Opening of the IT Exhibition

Barbados Hilton
June 5, 2013

The Honourable Darcy Boyce, Minister in the Prime Minister’s Office and Acting Minister of International Business
Central Bank Management,
Presenters at the various sessions
Representatives of IT Vendors,
Participants,
Ladies and gentlemen,

Welcome to this Exhibition of IT Security hard and software under the theme “Opportunities, Risks and Threats of New Technologies”.

A special welcome to Minister Boyce, who, as fate would have it, was the first manager of the Bank’s IT Department when it was established in 1980. He is therefore no stranger to the Bank or to IT issues and can speak from the perspective of one who has been there and done that.

Let me first state that the Central Bank of Barbados is pleased to be involved in this venture. Congratulations must go to Janice Marshall, Peter Rochester and the rest of the Management Information Systems team as well as the Barbados Chapter of the information Systems Security Association for conceptualizing this event and for bringing together such a stellar collection of IT specialists to draw attention to the issues touching on IT security.  The vendors who are represented here are some of the most reputable names in the industry and their presence here underscores the importance that the Bank attaches to IT and IT security.
Since its establishment the MIS Department has done much to sensitise the rest of the Bank to the need to pay attention to information security.  This is evident from the initiatives that have been taken over time. It was in 1988 that the MIS Department first addressed the security issue with the publication of two documents entitled “A Security Policy” and “Security Guidelines”. This was followed in 2003 by the appointment of an Information Security Officer whose main responsibility was to develop and police information security policies and guidelines. During 2004, that officer conducted an information security awareness programme for the staff.

The Department underwent a major security audit in 2008 and the main outcome of that exercise was the formation of an Information Security Governance Committee which is responsible for the oversight of Information Security within the Bank.  The Bank’s revised Information Security Policy was issued in 2009.  This Policy requires staff to be constantly aware of the hazards which attend the use of information technology and essentially advises them that prevention is better than cure.

I am not sure how the Bank’s approach to IT security stacks up alongside the rest of the region or even further afield. But clearly there is still much work to be done as we try to incorporate IT security into the overall institutional risk management Plan.

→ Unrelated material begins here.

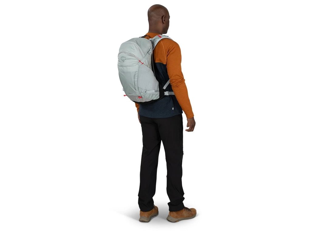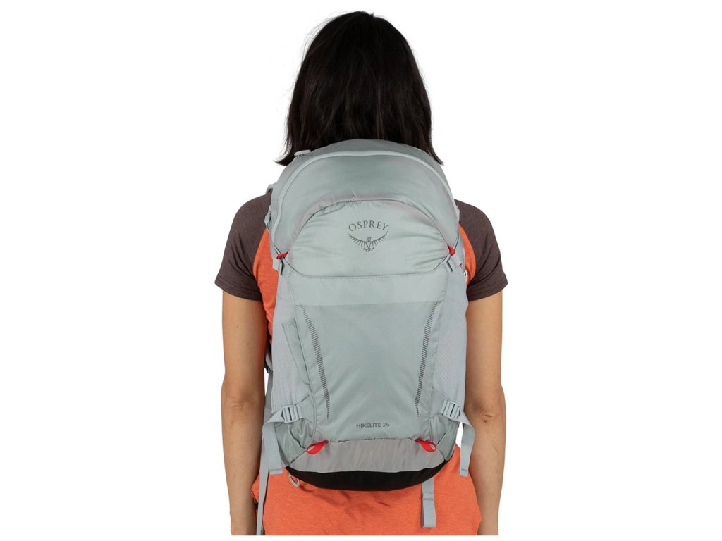 Turistický batoh Hikelite 26 od amerického výrobce Osprey je univerzální, výkonný a ideální jak na denní nošení ve městě, tak i na výlety do přírody. Batoh je vyrobený z odolného materiálu Nylon 100D Mini Diamond Shadow. Zádový systém AirSpeed™ zajišťuje vysokou prodyšnost a celodenní pohodlí. Dále nabízí odnímatelný jednoduchý bederní popruh a standardně nastavitelný hrudní popruh s bezpečnostní píšťalkou, praktickou kapsu na čelní straně, například na záložní oblečení.

As everyone here can appreciate, end-users are by and large singularly focused on their access to IT services. They want to have as few restrictions as possible in their way while they manipulate information or data and the need for rules and regulations is the last thing on their minds, that is, until their own privacy is compromised. A good analogy is the attitude of road users to traffic signals; no one wants to stop at a red light unless they really have to but will bemoan the absence of controls when an accident occurs.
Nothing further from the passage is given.